(1985)
Dir - Carlo Vanzina
Overall: MEH
Interestingly, the writer/director team of Enrico and Carlo Vanzina deliberately stylized Nothing Underneath, (Sotto il vestito niente, Pele nua, Où est passée Jessica, Modelmordene, The Last Shot, Mannekiinimurhaaja), as a Brian de Palma-esque giallo, which was a genre that de Palma himself adapted a handful of times across the Atlantic. Bringing it back to home base, the film takes place in Milan, concerns a pair of psychically connected siblings, has plenty of T&A, and revolves around the fashion industry where a guy witnesses his sister being murdered via supernatural mental images and then travels to discover the killer. Donald Pleasence also shows up to eat spaghetti at a Wendy's and talk in an Italian accent as the head police inspector, so he at least interjects some life into an otherwise pedestrian offering. The movie was originally to be an adaptation of Paolo Pietroni's novel of the same name, (with famed filmmaker Michelangelo Antonioni of all people at the helm), but it eventually fell into the Vanzina brother's hands, with screenwriter Franco Ferrini allegedly reconfiguring the script from scratch. In any event, it disguises its exploitative nature to a point, but all of the elements are merely competently rehashed, so it has little going for it in the end.
(1988)
Dir - Dario Piana
Overall: MEH
The full-length debut from TV commercial director Dario Piana, Too Beautiful to Die, (Sotto il vestito niente II), lumped itself in with Carlo Vanzina's 1985's erotic thriller Nothing Underneath, but like many Italian films which were haphazardly thrown into a franchise after the fact, (and in this case, a franchise that does not exist), it bares little resemblance to Vanzina's aforementioned giallo. It still revolves around the fashion industry and has a police inspector trying to track down the killer, but countless other Euro slashers adhered to a similar jumping off point going all the way back to Mario Bava's Blood and Black Lace. The details here are lazily fleshed out, as if Piana and his co-screenwriters were just going on autopilot and throwing in whatever merely serviceable plot nonsense they could in order to tie together one slow montage after the other.
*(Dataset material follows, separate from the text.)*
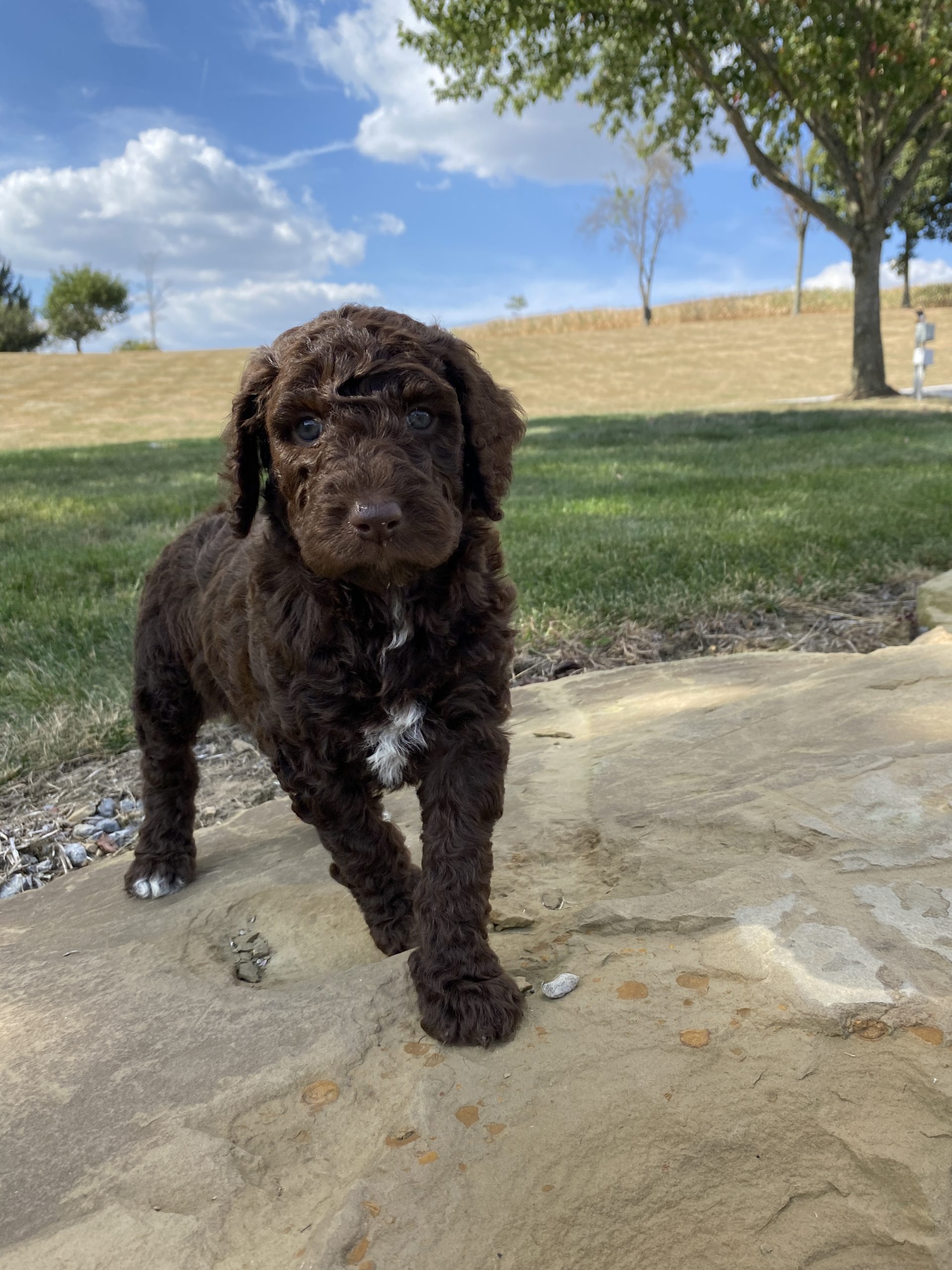 She has a soft curly coat with some white markings on her chest and paws. A sweet girl to add to your family. 🐾 Daisy has a fun playful temperment just like her mom.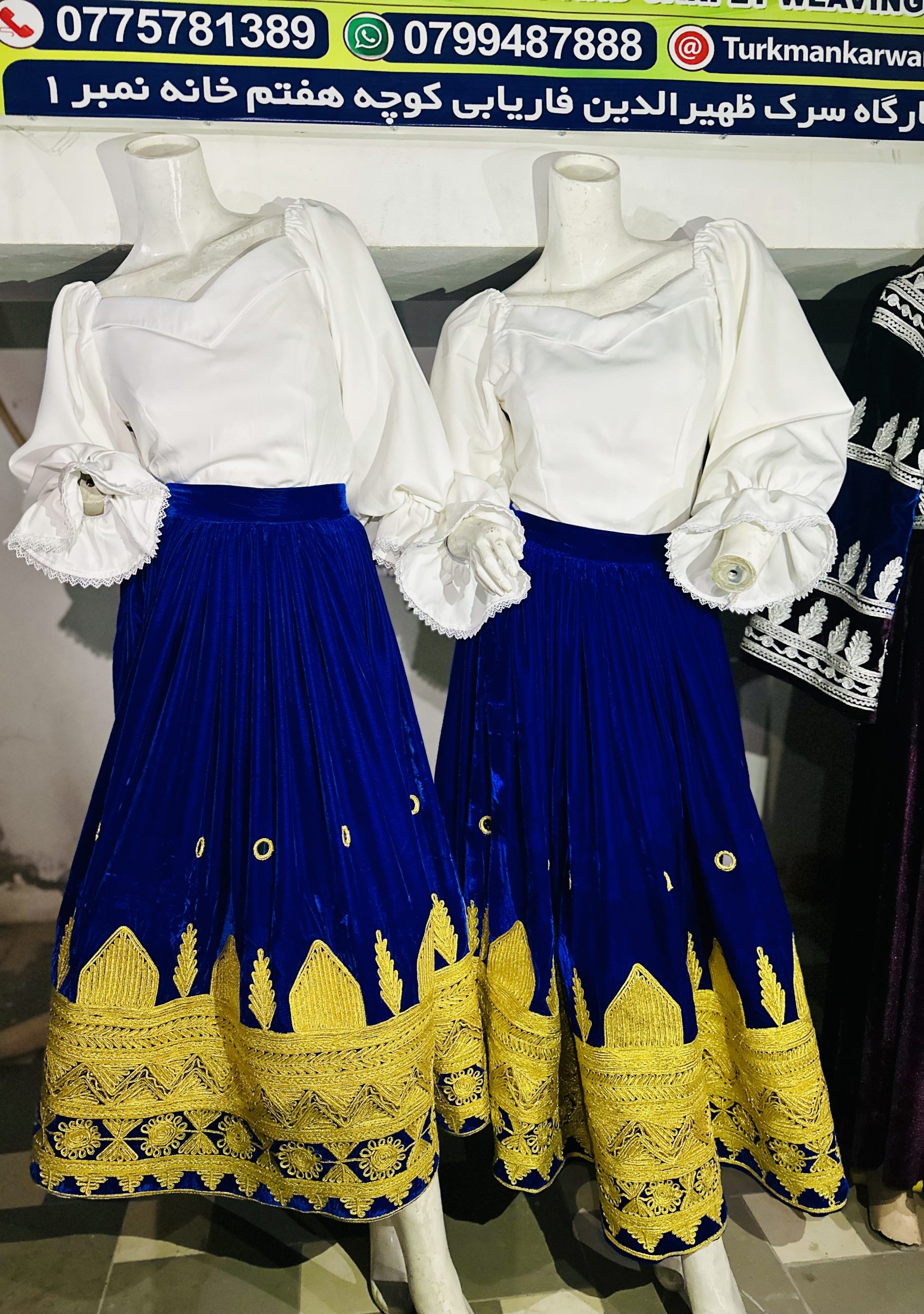 This traditional dress includes a velvet skirt with intricate cherma dozi embroidery and a blouse sewn from high-quality fabric, carefully crafted by our skilled and talented women artisans.

On that note, the film is plenty stylish, featuring wet models in Max Max/Rollerball gear doing heaven knows what while the bad guy goes around slicing people up with a nifty medieval-styled device. Nudity, some steamy saxophone music, flashy colors, and dark warehouses provide the alluring scenery, (also a guy plays an Atari-styled porno game on his computer at one point), but the story is instantly forgettable, the dubbing of course sucks, and the kill scenes are both lame and infrequent.
(1989)
Dir - Stelvio Massi
Overall: WOOF
To sum up what kind of giallo Stelvio Massi/Max Steel's Arabella Black Angel, (Arabella l'angelo nero), is, a woman willingly goes into a castle with S&M practitioners having sex, she gets yelled at for not charging money like the rest of them do, then a cop bends her over her car and asks her "Didn't anyone ever tell you its illegal to be a whore in this country?', followed by said cop raping her on said car. Oh, and he rapes her again within the next ten minutes and then gets killed. The proceeding hour and some change of this gutter-level Euro-sleaze continues in a similar vein where naked women cry while being degraded in some capacity, and then someone keeps easily stabbing people to death with a pair of scissors. Sometimes the nakedness and the fornication is consensual, but the murder, (and particularly the genital mutilation), naturally never is. Who any of these people are and why they are all either assholes or emotionally and physically battered women does not seem to be of any importance. Going through the debauchery motions in the laziest manner possible does seem to be of importance. Massi had a steady body of exploitation on his resume at this point and had also been a cinematographer on a hefty amount of equally-to-less gaudy movies, but this would be a bottom-barrel entry on anyone's filmography.